We decided to use the tram system and found it quite useful.  You buy a card and load it with a certain amount of money.  Then you swipe the card when you get on the tram and again when you get off.  It was very handy; as tourists however it was a little tricky to have 'enough' money on the card but not have a lot left over when it is time to leave the city.  Oh well.

We also took the ferry up to Manly.  Manly is a beach town that was just a beach town.  Our excuse for visiting was just to ride the ferry and see more of the harbor area.  For that, it worked great.

We had to tour the Opera House.  It is quite the building and much of the tour was about the design and the long building process.  In fact the Danish architect wasn't around during the latter part of the building process.  The interior is lovely with a lot of wood.
The unfortunate part was that the opera does not allow photography in the actual theatres if they are in use.  That's silly!  So what if you take a photo that includes someone practicing their lines?  So what if you get a photo of a set?  They cite copywrite laws but to me it seems like nothing except free publicity. 

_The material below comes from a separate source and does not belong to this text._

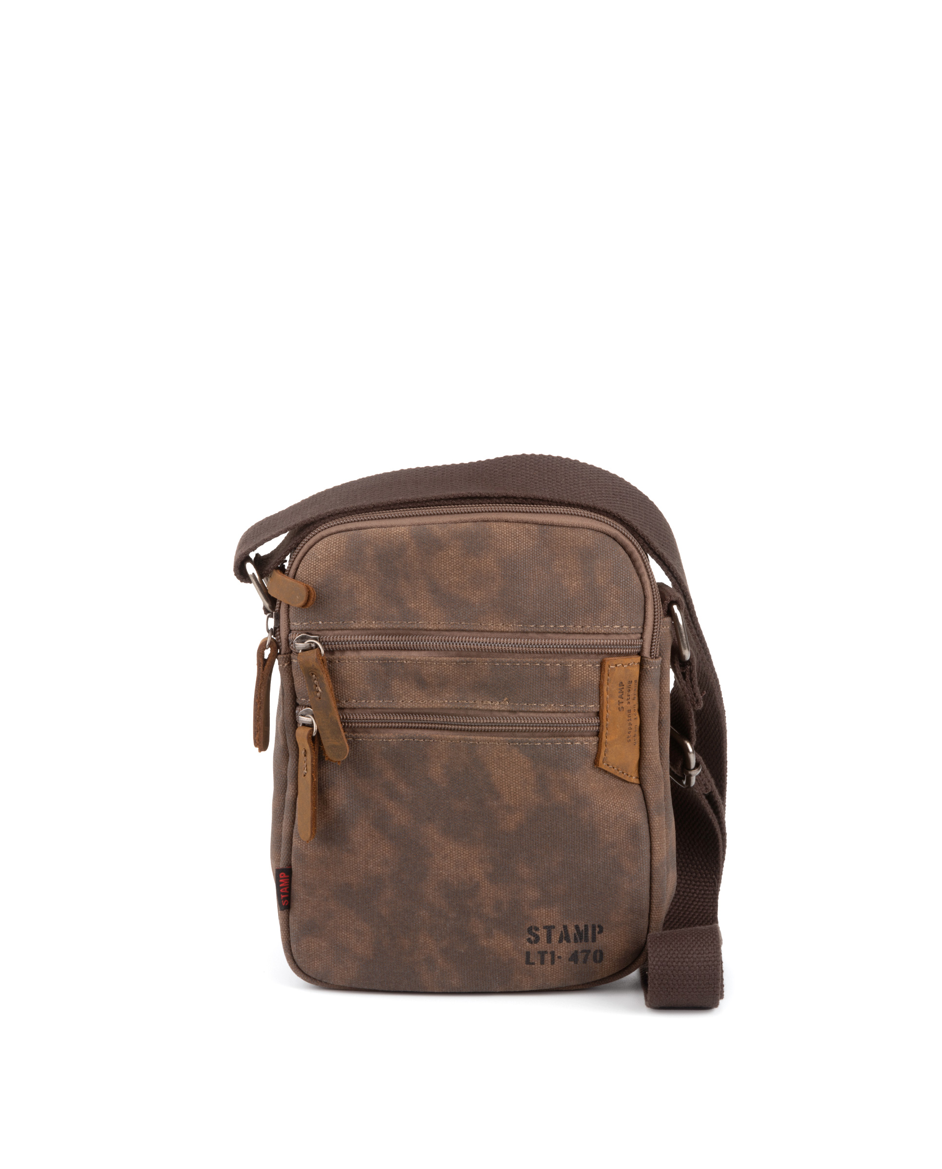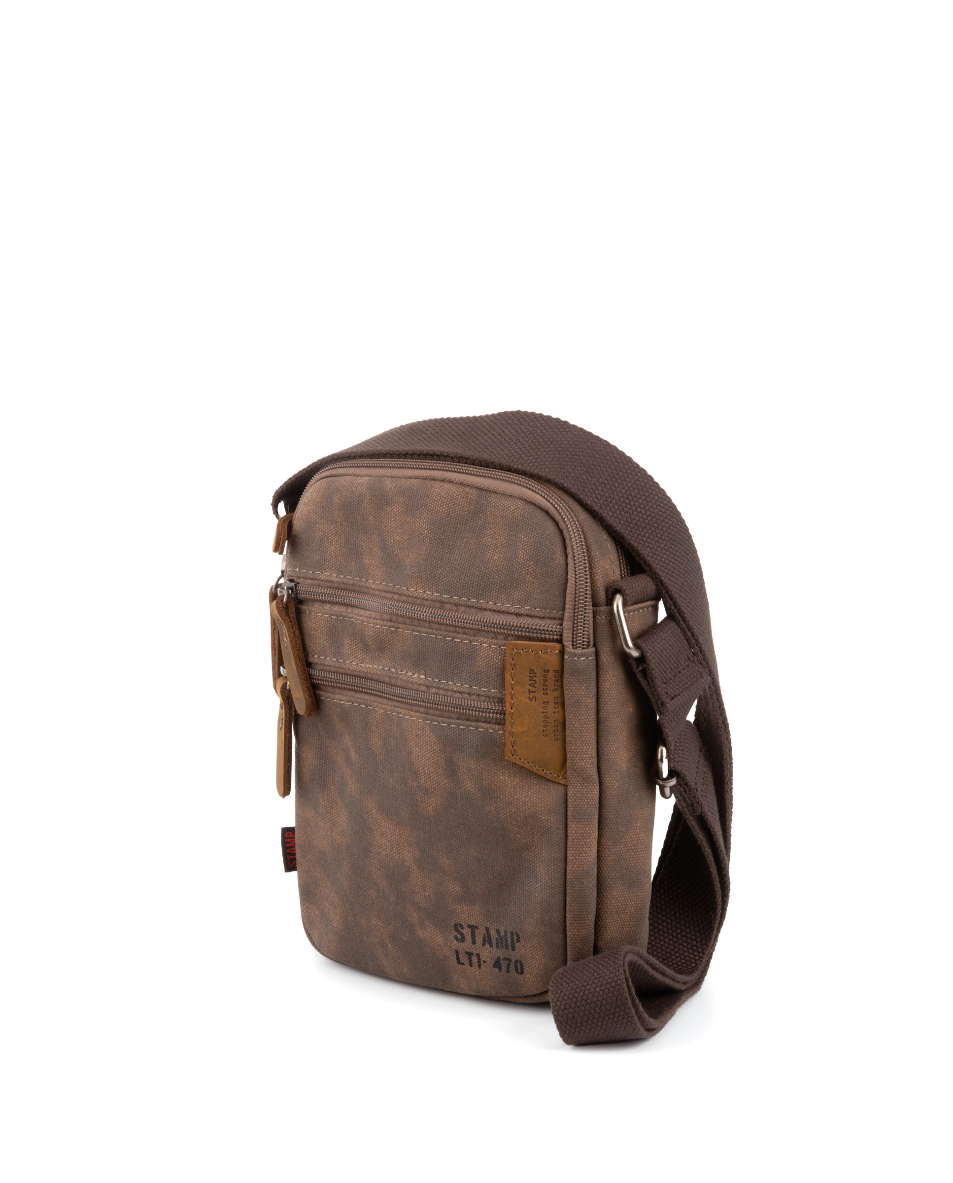Bolso bandolera ST4732 para hombre en lona encerada de color marr贸n

One thing I found impressive is shown here.
This is where four sections of the floor come together.  It is screwed to the framework and each section can be removed for maintenance.  That was true of every floor and wall.  I imagine it is true for the ceiling but couldn't document that.  I've never seen anything like that before.

The building is covered by tiles of various shades.
I find the detail as amazing as the whole.  It does take work though.
These guys were inspecting the tiles for damage.  That's quite the job!

Throughout our visit we've seen the cruise ships in port.  It is usual to see a different ship tied up every day.
The Explorer of the Seas was in town and hordes of people were getting on and off her.  There was a huge line of taxis trying to drop people off.  The next day it was the Radiance of the Seas tied up in the same spot.

We got up by 05:30  on the day we were to leave.  Ok, we're a little crazy that way.  So we get to the airport about 08:00 for a 10:10 boarding call.  Hmmm, it wasn't happening.  By 11:10 everyone was standing around getting crazy when the Captain got off the plane and came and talked to us.  It turns out they have a truck that delivers food and drink to the plane.  The whole bed of the truck is raised up to the level of the plane and they just unload.  EXCEPT that this truck broke down while the bed was up in the air.  It won't go up and it won't come down.  It is above the height of the wing so the plane cannot be moved.  And there is an interlock so the truck can't move when it's bed is lifted in the air.  SO, everyone just gets to wait!  Of course they had a guy trying to fix the truck but whatever it was, it wasn't working.  At least everyone was relieved to know that it wasn't that Delta was just being obnoxious.  Why someone from the ground crew hadn't bothered to tell us this I'll never understand.  Anyway we did finally get food on the plane; passengers on the plane; the truck fixed and moved and off we went.